• WHAT TO PRODUCE
Among the lines of the listing below, retype exactly those from the one containing "С энергетической точки" through the one containing "В просторном зале", both included. Do not include pictures.

• INFORMATION SHOWN
· · · · · · ·

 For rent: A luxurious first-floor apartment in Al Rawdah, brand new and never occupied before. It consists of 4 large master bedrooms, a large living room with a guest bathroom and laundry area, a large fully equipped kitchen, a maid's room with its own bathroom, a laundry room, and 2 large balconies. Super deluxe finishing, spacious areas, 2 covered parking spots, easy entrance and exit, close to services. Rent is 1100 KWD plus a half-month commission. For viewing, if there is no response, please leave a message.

· · · · · · ·

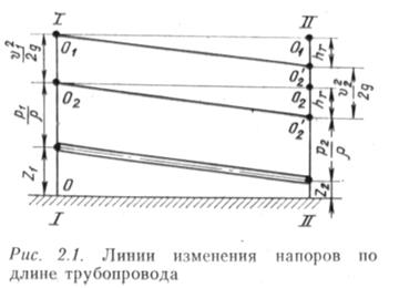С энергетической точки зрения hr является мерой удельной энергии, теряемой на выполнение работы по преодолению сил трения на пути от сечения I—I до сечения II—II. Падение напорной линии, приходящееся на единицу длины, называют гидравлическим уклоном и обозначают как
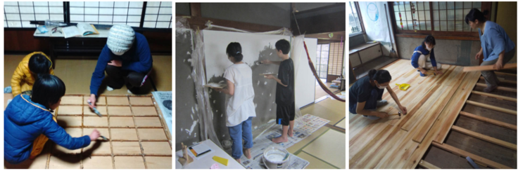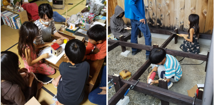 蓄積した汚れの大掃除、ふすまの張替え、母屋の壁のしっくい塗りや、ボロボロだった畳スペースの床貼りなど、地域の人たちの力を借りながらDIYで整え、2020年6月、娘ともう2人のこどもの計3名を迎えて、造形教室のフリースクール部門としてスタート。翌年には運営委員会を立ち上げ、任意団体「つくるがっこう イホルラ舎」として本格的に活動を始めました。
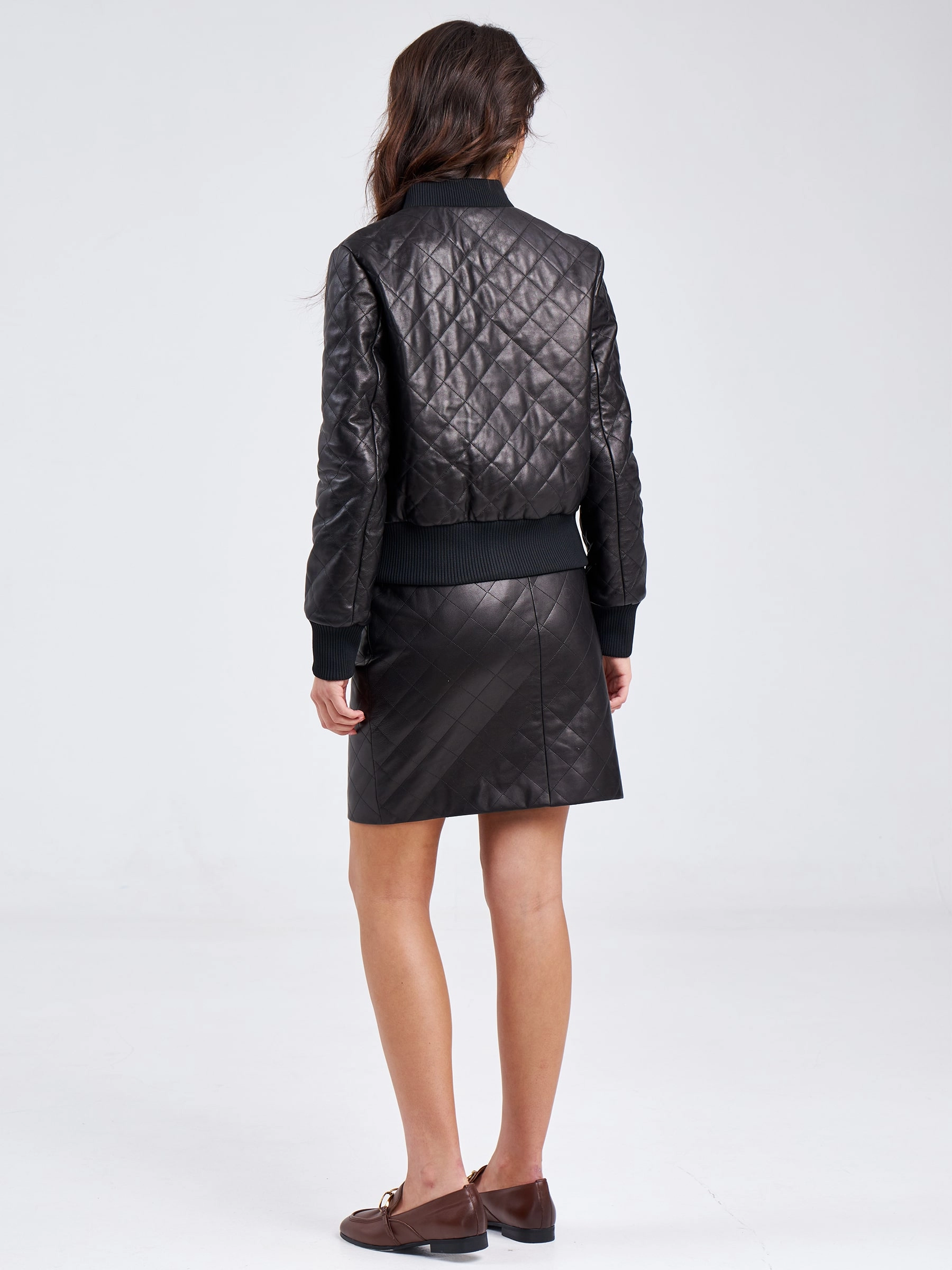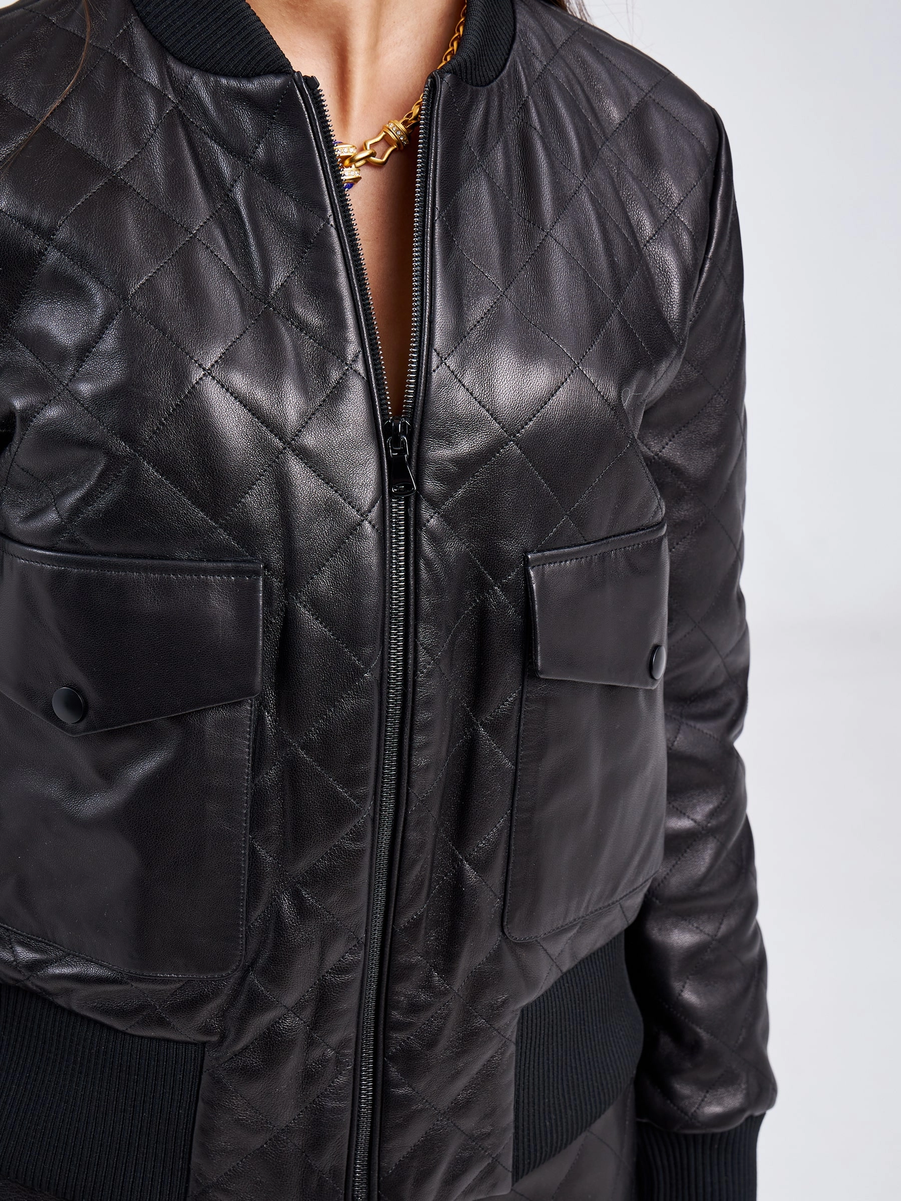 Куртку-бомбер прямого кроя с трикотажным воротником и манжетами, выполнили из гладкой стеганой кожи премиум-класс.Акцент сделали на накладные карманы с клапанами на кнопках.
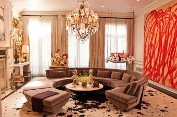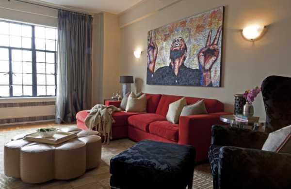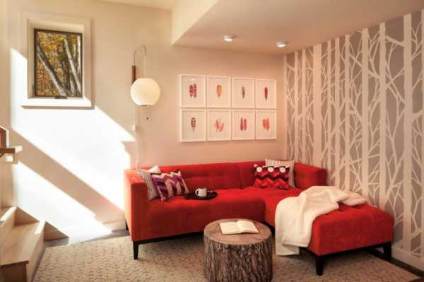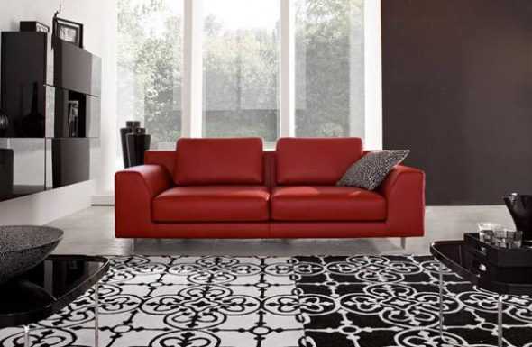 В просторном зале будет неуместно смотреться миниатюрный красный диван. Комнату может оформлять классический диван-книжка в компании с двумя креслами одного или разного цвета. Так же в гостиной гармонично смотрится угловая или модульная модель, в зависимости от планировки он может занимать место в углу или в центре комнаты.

· · · · · · ·

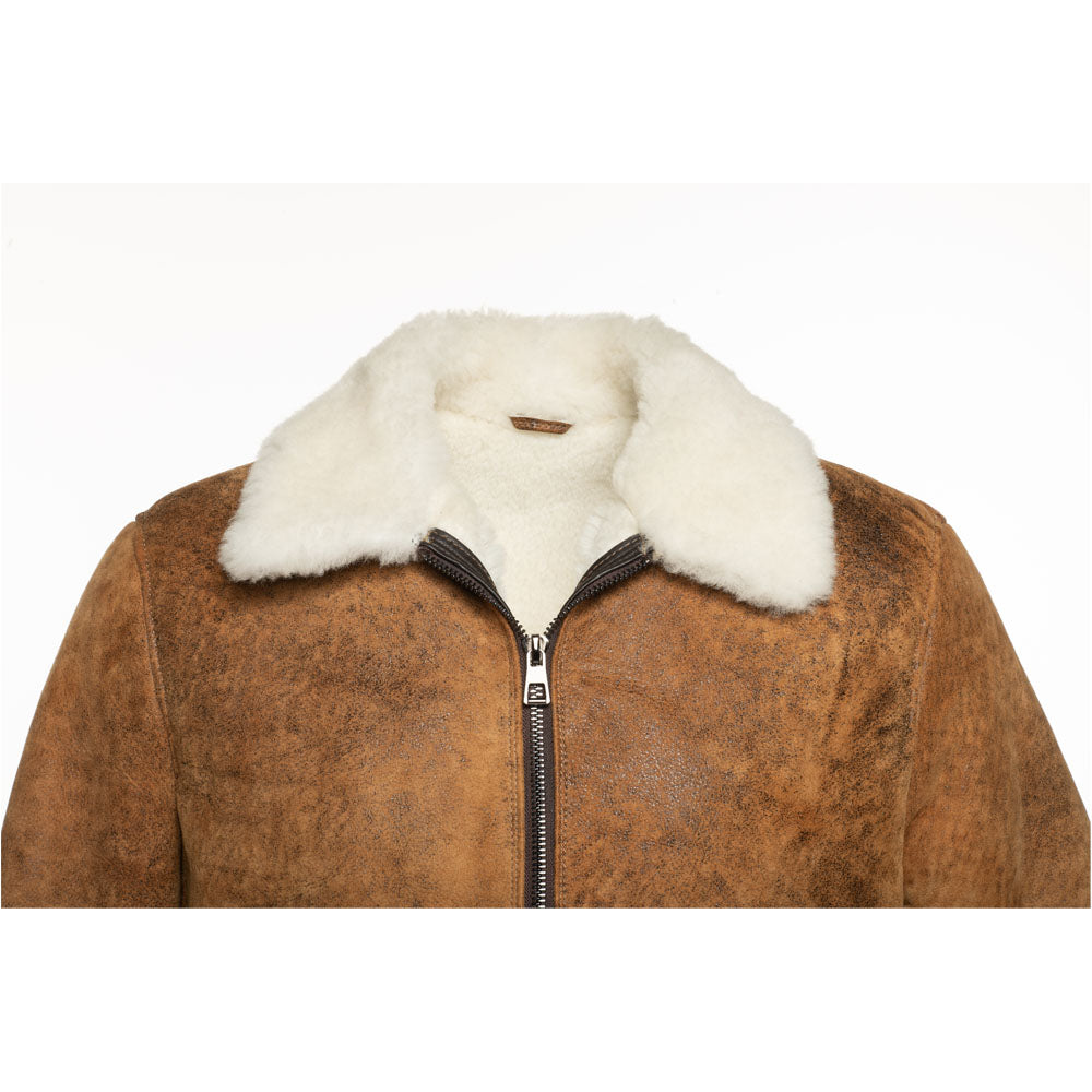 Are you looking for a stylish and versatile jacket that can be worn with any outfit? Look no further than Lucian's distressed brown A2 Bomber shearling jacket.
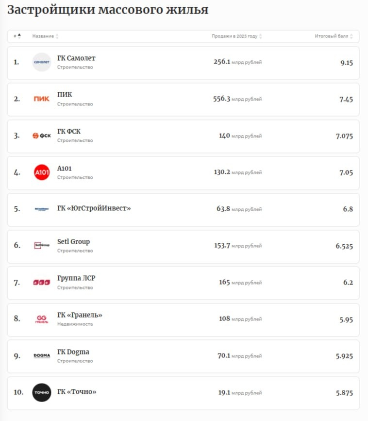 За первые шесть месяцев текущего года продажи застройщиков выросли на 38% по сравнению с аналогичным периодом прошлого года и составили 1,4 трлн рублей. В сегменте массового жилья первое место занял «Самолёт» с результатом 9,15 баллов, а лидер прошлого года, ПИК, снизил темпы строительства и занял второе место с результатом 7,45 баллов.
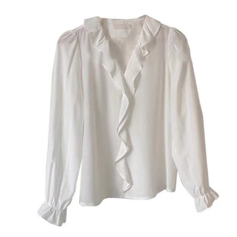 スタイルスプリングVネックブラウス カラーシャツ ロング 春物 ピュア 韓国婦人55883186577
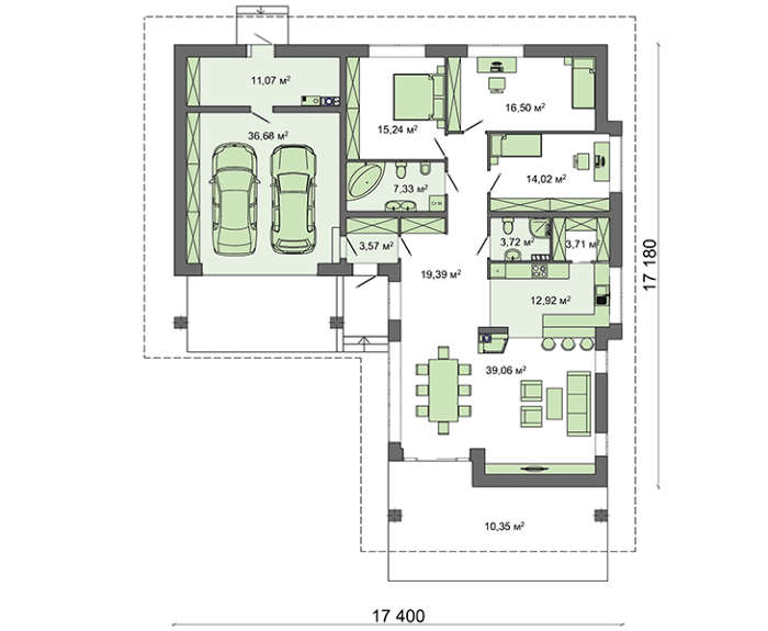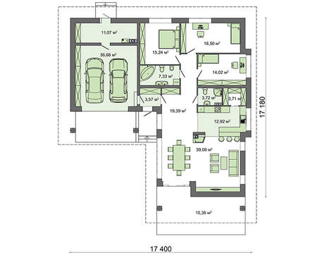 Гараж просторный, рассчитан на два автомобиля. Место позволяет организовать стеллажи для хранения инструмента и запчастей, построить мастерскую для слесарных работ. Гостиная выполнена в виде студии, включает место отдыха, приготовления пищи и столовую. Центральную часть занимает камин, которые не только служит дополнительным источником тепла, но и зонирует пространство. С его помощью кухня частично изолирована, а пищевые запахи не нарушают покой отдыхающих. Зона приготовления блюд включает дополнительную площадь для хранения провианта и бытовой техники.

· · · · · · ·

• EXERCISE SOLUTION
С энергетической точки зрения hr является мерой удельной энергии, теряемой на выполнение работы по преодолению сил трения на пути от сечения I—I до сечения II—II. Падение напорной линии, приходящееся на единицу длины, называют гидравлическим уклоном и обозначают как
 蓄積した汚れの大掃除、ふすまの張替え、母屋の壁のしっくい塗りや、ボロボロだった畳スペースの床貼りなど、地域の人たちの力を借りながらDIYで整え、2020年6月、娘ともう2人のこどもの計3名を迎えて、造形教室のフリースクール部門としてスタート。翌年には運営委員会を立ち上げ、任意団体「つくるがっこう イホルラ舎」として本格的に活動を始めました。
 Куртку-бомбер прямого кроя с трикотажным воротником и манжетами, выполнили из гладкой стеганой кожи премиум-класс.Акцент сделали на накладные карманы с клапанами на кнопках.
 В просторном зале будет неуместно смотреться миниатюрный красный диван. Комнату может оформлять классический диван-книжка в компании с двумя креслами одного или разного цвета. Так же в гостиной гармонично смотрится угловая или модульная модель, в зависимости от планировки он может занимать место в углу или в центре комнаты.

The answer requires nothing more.